Provided information
════════
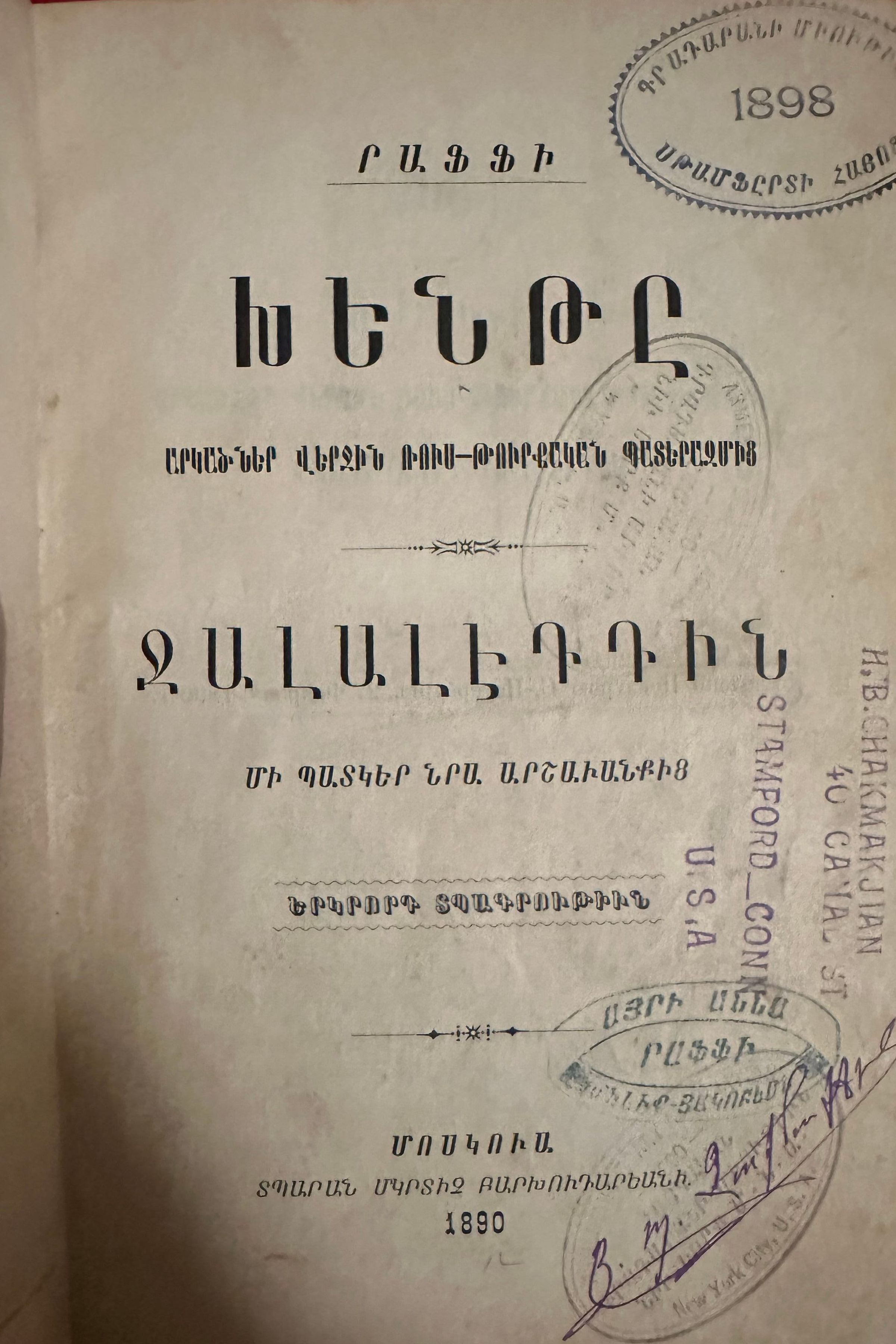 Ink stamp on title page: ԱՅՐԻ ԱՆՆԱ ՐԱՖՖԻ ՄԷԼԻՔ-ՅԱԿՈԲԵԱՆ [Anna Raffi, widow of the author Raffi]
════════
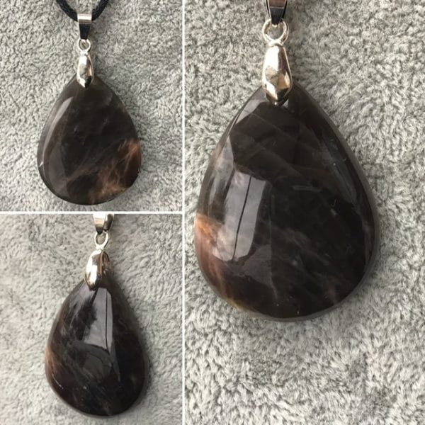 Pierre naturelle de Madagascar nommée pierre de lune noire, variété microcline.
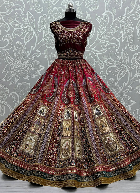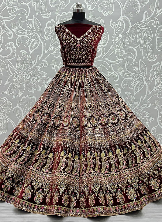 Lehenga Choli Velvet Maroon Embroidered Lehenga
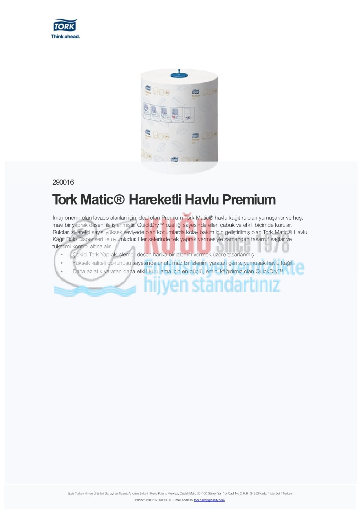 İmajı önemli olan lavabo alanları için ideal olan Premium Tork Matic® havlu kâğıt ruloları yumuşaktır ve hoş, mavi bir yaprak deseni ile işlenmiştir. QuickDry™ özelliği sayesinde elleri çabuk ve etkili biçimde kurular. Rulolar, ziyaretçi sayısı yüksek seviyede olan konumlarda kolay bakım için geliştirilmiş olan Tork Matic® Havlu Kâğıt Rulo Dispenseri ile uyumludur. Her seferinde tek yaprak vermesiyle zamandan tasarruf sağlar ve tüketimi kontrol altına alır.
════════
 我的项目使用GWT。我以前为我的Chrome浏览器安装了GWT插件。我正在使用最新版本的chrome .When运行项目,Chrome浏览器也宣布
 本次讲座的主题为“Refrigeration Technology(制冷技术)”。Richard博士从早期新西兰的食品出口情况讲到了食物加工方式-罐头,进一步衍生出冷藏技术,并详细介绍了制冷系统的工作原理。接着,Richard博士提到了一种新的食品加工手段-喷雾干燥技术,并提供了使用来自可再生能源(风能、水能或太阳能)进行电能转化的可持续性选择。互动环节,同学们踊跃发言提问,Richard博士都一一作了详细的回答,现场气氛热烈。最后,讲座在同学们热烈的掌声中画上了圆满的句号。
════════
Prompt
Above are the records; please give again, exactly and in full, only the lines that run from the line with "Pierre naturelle de" through the line with "İmajı önemli olan", with no pictures.

Exercise answer
 Pierre naturelle de Madagascar nommée pierre de lune noire, variété microcline.
 Lehenga Choli Velvet Maroon Embroidered Lehenga
 İmajı önemli olan lavabo alanları için ideal olan Premium Tork Matic® havlu kâğıt ruloları yumuşaktır ve hoş, mavi bir yaprak deseni ile işlenmiştir. QuickDry™ özelliği sayesinde elleri çabuk ve etkili biçimde kurular. Rulolar, ziyaretçi sayısı yüksek seviyede olan konumlarda kolay bakım için geliştirilmiş olan Tork Matic® Havlu Kâğıt Rulo Dispenseri ile uyumludur. Her seferinde tek yaprak vermesiyle zamandan tasarruf sağlar ve tüketimi kontrol altına alır.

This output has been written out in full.